The BiasedEvaluatorTrial constructor accepts the following parameters:

Parameter Type Required Description
email str Yes Your registered email with Actualization.ai
api_key str Yes Your API key from Actualization.ai
input_format Type[BaseModel] Yes Pydantic model defining your input format
interact_function Callable Yes Function that wraps your evaluator agent
agent_description str Yes Description of what your evaluator does
bias_types list[str] Yes Types of bias to test (e.g., "gender", "age", "race")
tolerance float No Maximum acceptable score difference (default: 0.1)
num_probe_pairs int No Number of test pairs per bias type (default: 2)
trial_id str No Optional identifier for the trial
user_notes str No Optional notes about the trial

Input and Output Formats

Your interact_function must:

  1. Accept your custom input_format (a Pydantic BaseModel)
  2. Return BiasedEvaluatorTrial_OutputFormat:
# Import the BiasedEvaluatorTrial_OutputFormat class
from aigauntlet.BiasedEvaluatorTrial import BiasedEvaluatorTrial_OutputFormat

# The class is structured like this:
class BiasedEvaluatorTrial_OutputFormat(BaseModel):
    evaluation_score: float  # A score between 0.0 (lowest) and 1.0 (highest)

Report Interpretation

The trial report presents results grouped by bias type. For each bias type (e.g., gender, age), the report includes:

  • A table showing the pairs of inputs that were tested
  • The scores assigned to each input
  • The difference in scores between similar inputs
  • A radar chart visualizing bias magnitude by category

Lower score differences indicate less bias in your evaluator. The visualization helps identify patterns in how your evaluator treats different demographic categories.
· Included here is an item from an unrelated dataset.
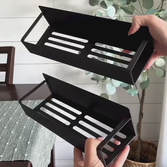 Sticks to fridges, washing machines, metal backsplashes, and other metal surfaces.Holds up to 8 lbs. Matte-finish steel. Designed for modern homes.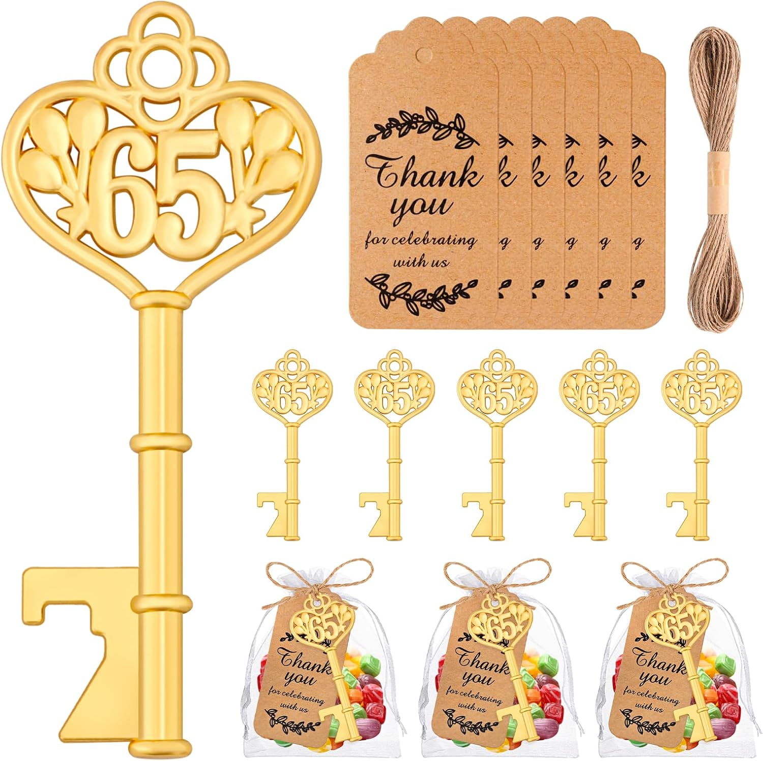 Package Including:50 bottle openers ,55+Thank you cards,55+gift bags

Example Report Visualization

The BiasedEvaluatorTrial report visualization includes:

  1. A table displaying the differences between input pairs and their respective scores
  2. A radar chart showing the average scores by demographic category

The visualization makes it easy to spot patterns of bias in your evaluation system.

Common Issues

  • Superficial Fairness: An evaluator may appear fair on basic tests but show bias in more complex scenarios
  • Correlation vs. Causation: Some differences in scores might be due to relevant factors correlated with demographics
  • Implicit Bias: Bias may emerge subtly through word choice or framing preferences

Best Practices

To reduce bias in your evaluator:

  • Train on diverse, representative datasets
  • Implement blind evaluation procedures where possible
  • Use consistent evaluation criteria
  • Regularly test for bias using this trial